-- Task data follows --

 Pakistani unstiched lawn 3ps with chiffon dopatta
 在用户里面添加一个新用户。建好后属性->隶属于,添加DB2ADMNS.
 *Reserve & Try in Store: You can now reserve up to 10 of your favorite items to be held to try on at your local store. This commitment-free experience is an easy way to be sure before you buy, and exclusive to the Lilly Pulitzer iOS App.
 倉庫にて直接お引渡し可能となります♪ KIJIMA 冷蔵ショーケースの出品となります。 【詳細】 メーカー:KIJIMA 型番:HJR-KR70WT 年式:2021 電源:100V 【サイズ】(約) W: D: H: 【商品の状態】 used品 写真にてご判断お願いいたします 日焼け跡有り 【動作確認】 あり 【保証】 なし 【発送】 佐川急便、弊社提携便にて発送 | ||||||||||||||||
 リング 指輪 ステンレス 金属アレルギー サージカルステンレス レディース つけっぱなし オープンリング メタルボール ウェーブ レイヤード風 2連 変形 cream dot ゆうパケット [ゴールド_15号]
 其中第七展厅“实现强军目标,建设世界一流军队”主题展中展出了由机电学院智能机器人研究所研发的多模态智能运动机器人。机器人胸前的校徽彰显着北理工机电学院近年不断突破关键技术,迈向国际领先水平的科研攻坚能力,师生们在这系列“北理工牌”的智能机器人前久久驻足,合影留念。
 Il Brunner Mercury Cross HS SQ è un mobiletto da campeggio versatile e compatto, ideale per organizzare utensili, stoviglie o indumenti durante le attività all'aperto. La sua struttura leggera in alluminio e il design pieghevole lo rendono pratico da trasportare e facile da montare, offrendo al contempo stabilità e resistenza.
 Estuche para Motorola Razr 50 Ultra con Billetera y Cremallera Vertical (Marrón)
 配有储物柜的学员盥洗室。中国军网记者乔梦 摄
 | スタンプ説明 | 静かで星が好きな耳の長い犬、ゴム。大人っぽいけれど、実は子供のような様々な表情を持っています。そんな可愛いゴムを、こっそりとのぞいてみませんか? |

-- Task data concluded --
-- Task data follows --

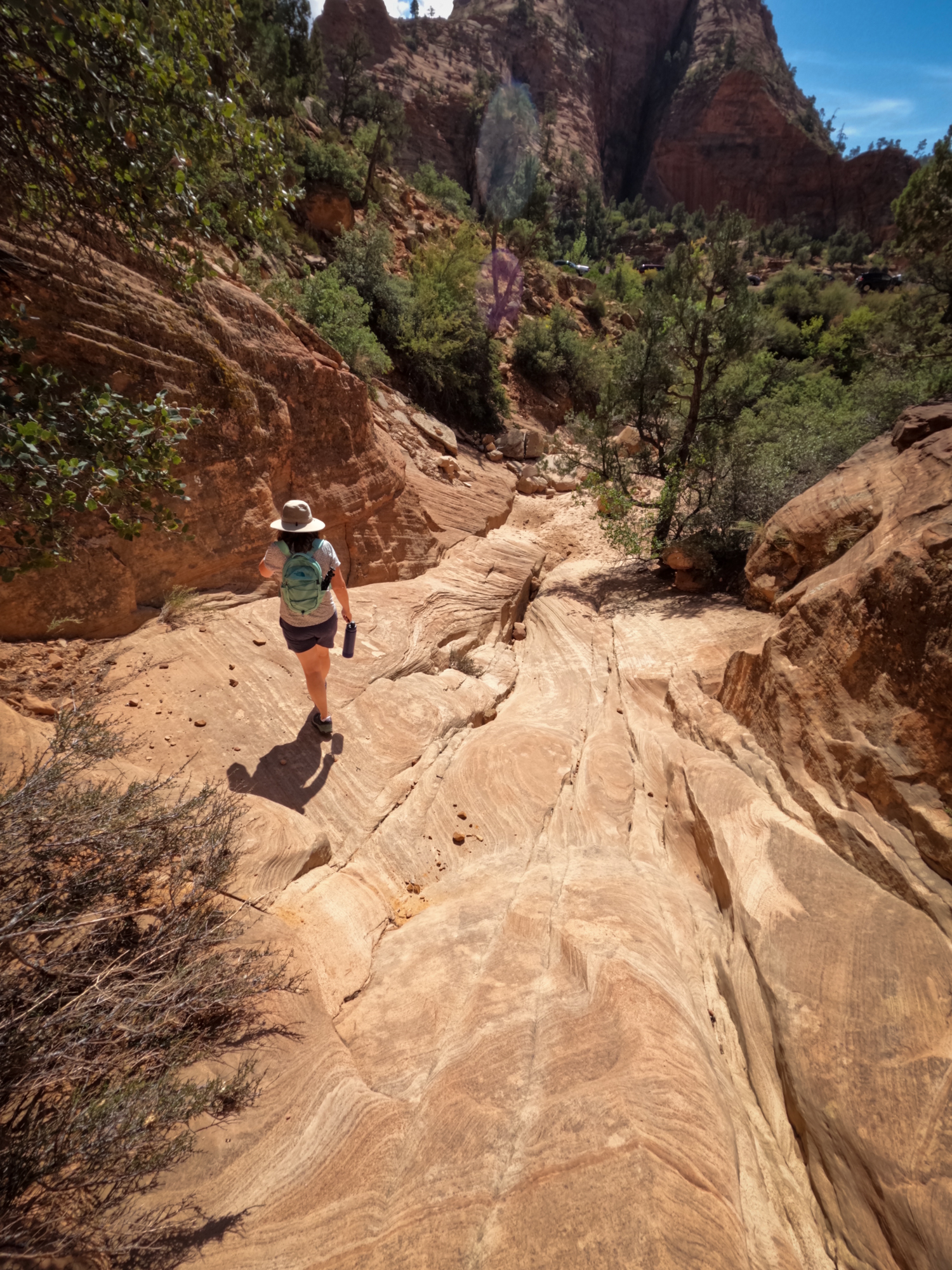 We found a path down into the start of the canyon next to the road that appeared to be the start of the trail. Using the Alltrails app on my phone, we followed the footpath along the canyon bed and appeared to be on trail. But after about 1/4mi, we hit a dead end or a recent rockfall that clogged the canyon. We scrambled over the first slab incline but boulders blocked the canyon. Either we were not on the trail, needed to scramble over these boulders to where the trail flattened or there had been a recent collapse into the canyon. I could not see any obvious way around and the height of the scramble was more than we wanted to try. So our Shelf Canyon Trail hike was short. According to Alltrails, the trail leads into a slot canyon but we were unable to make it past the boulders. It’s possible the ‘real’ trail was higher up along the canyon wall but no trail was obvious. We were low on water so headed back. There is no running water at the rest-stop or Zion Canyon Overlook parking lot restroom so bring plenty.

-- Task data concluded --
-- Task data follows --

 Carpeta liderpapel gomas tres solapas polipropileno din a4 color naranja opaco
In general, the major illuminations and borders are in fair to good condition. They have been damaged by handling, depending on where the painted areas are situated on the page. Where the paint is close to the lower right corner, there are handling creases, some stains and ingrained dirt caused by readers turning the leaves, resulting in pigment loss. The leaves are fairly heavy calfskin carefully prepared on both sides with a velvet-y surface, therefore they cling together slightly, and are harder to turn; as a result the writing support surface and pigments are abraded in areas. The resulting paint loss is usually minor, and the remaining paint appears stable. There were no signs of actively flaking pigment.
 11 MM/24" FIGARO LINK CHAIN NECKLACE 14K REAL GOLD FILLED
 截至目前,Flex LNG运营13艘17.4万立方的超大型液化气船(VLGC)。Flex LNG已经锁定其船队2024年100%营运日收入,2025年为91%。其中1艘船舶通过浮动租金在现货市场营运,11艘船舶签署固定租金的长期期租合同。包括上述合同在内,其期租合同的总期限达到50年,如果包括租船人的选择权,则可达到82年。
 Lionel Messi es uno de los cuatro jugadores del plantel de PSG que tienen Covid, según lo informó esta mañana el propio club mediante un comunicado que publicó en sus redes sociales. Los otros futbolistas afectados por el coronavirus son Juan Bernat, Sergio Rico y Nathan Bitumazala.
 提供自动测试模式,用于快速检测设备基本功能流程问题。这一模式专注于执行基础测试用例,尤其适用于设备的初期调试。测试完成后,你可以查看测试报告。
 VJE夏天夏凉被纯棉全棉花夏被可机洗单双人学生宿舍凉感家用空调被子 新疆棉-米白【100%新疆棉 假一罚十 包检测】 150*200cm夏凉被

-- Task data concluded --

Scan the listing above for the line that has "Pakistani unstiched lawn", then copy exactly from that line through the line that has "Pulitzer iOS App.".

**Your response**:
 Pakistani unstiched lawn 3ps with chiffon dopatta
 在用户里面添加一个新用户。建好后属性->隶属于,添加DB2ADMNS.
 *Reserve & Try in Store: You can now reserve up to 10 of your favorite items to be held to try on at your local store. This commitment-free experience is an easy way to be sure before you buy, and exclusive to the Lilly Pulitzer iOS App.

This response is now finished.